# WORK ITEM
Omit the pictures. Transcribe exactly the lines below, from the one with "Suomen Yrittäjät järjesti" up to and including the last.

=-=-=

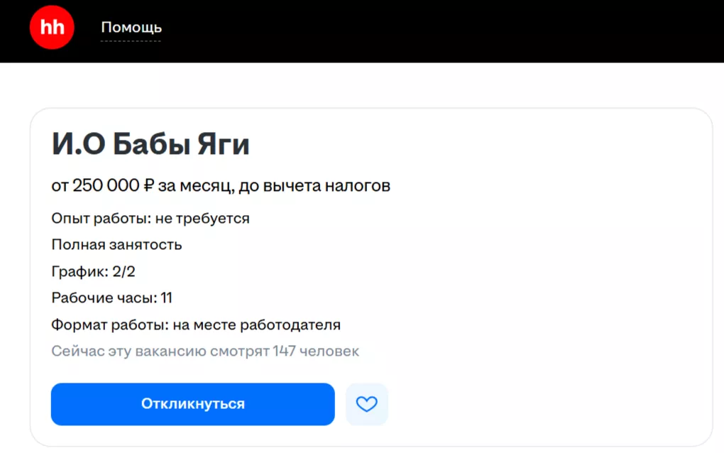 13 ноября на сайте сервиса по поиску работы HH.ru появилась вакансия исполняющей обязанности Бабы Яги в «Сочи Парке». Работодатель предлагает официальное трудоустройство, сменный график 2/2 и конкурентную зарплату — 250 тыс. рублей.
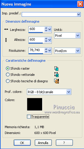 1. Apri una nuova immagine nera 600 x 600 pixels.
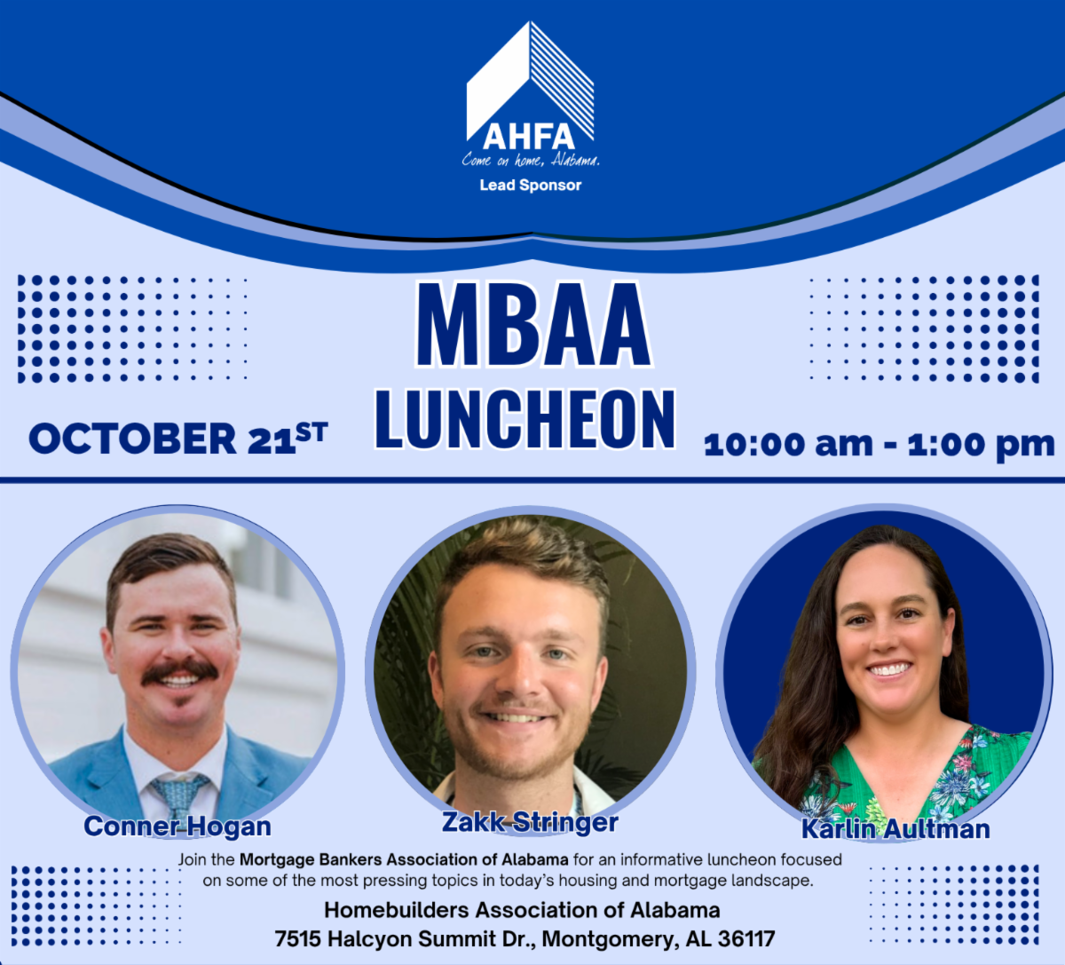 AHFA is the lead sponsor of an upcoming event for the Mortgage Bankers Association of Alabama, featuring the newest member of AHFA’s Business Development Team, Karlin Aultman. Three key speakers will focus on some of the most pressing topics in today’s housing and mortgage industry.
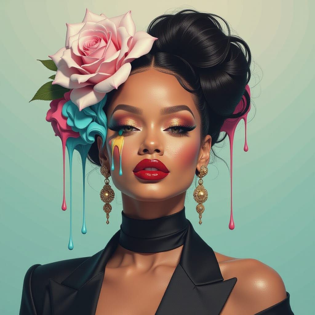 A surreal digital painting of Rihanna with paint dripping down her face. This hyperrealistic portrait features twisted, vibrant colors and dramatic lighting, reminiscent of surrealist painting.
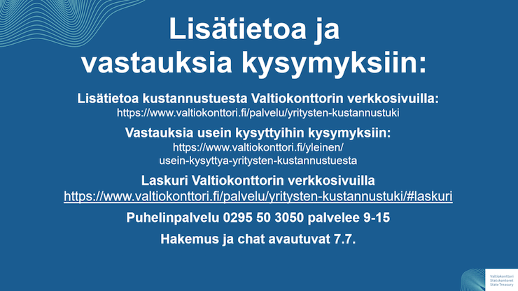 Suomen Yrittäjät järjesti webinaarin kustannustuesta 6. heinäkuuta. Tallenteen voi katsoa täältä.
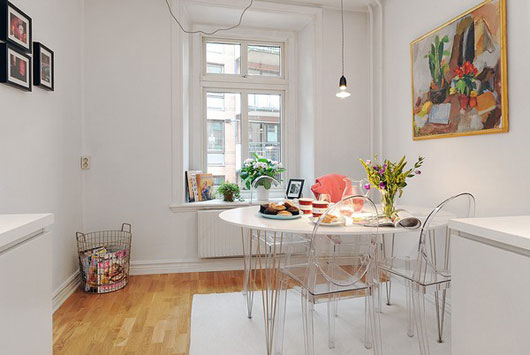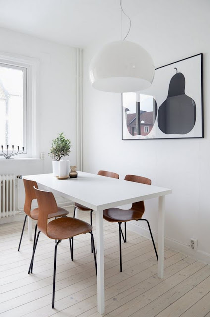 Jaka jest jadalnia wskandynawskim stylu? To często stół z krzesłami postawiony w pokoju dziennym lub kuchni. Może być drewniany, malowany na biało, kwadratowy lub okrągły. Krzesła są najczęściej drewniane lub plastikowe, w jednym kolorze lub każde inne. Coraz częściej w aranżacjach w skandynawskim stylu spotykam krzesła projektu Charles Eames (takie jak zdjęcie nr 2 i 3). Jest to klasyk designu, więc można sądzić, że ich użytkownicy znają się na wnętrzarskiej modzie!
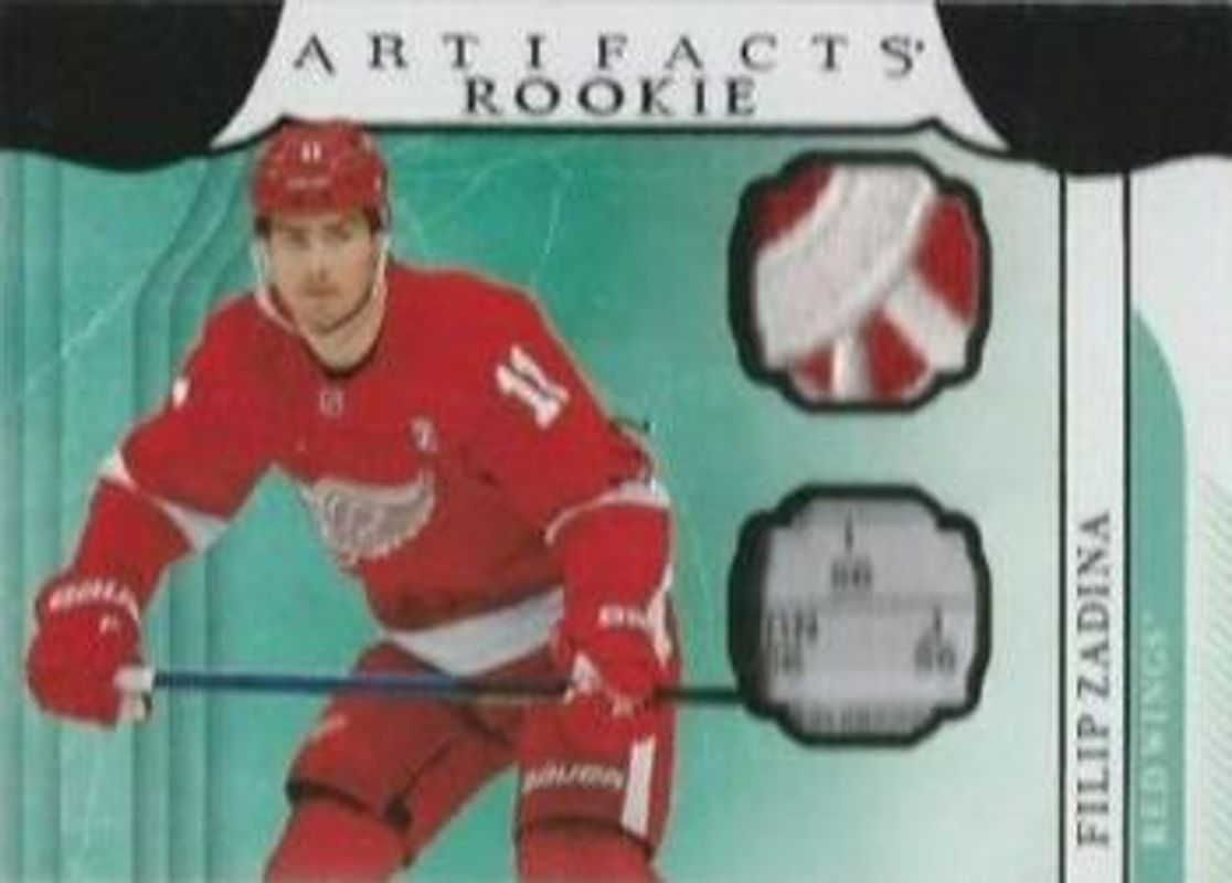 The Filip Zadina 2019 Upper Deck Artifacts #165 Horizontal Materials - Black /2 Rookie card is 1 of 23 Filip Zadina's card variations in the 2019 Upper Deck Artifacts set being tracked by Sports Card Investor, including Base /999, Ruby /399, Copper /299, Emerald /99, and Aqua /45.

=-=-=

# ANSWER SPACE
 Suomen Yrittäjät järjesti webinaarin kustannustuesta 6. heinäkuuta. Tallenteen voi katsoa täältä.
 Jaka jest jadalnia wskandynawskim stylu? To często stół z krzesłami postawiony w pokoju dziennym lub kuchni. Może być drewniany, malowany na biało, kwadratowy lub okrągły. Krzesła są najczęściej drewniane lub plastikowe, w jednym kolorze lub każde inne. Coraz częściej w aranżacjach w skandynawskim stylu spotykam krzesła projektu Charles Eames (takie jak zdjęcie nr 2 i 3). Jest to klasyk designu, więc można sądzić, że ich użytkownicy znają się na wnętrzarskiej modzie!
 The Filip Zadina 2019 Upper Deck Artifacts #165 Horizontal Materials - Black /2 Rookie card is 1 of 23 Filip Zadina's card variations in the 2019 Upper Deck Artifacts set being tracked by Sports Card Investor, including Base /999, Ruby /399, Copper /299, Emerald /99, and Aqua /45.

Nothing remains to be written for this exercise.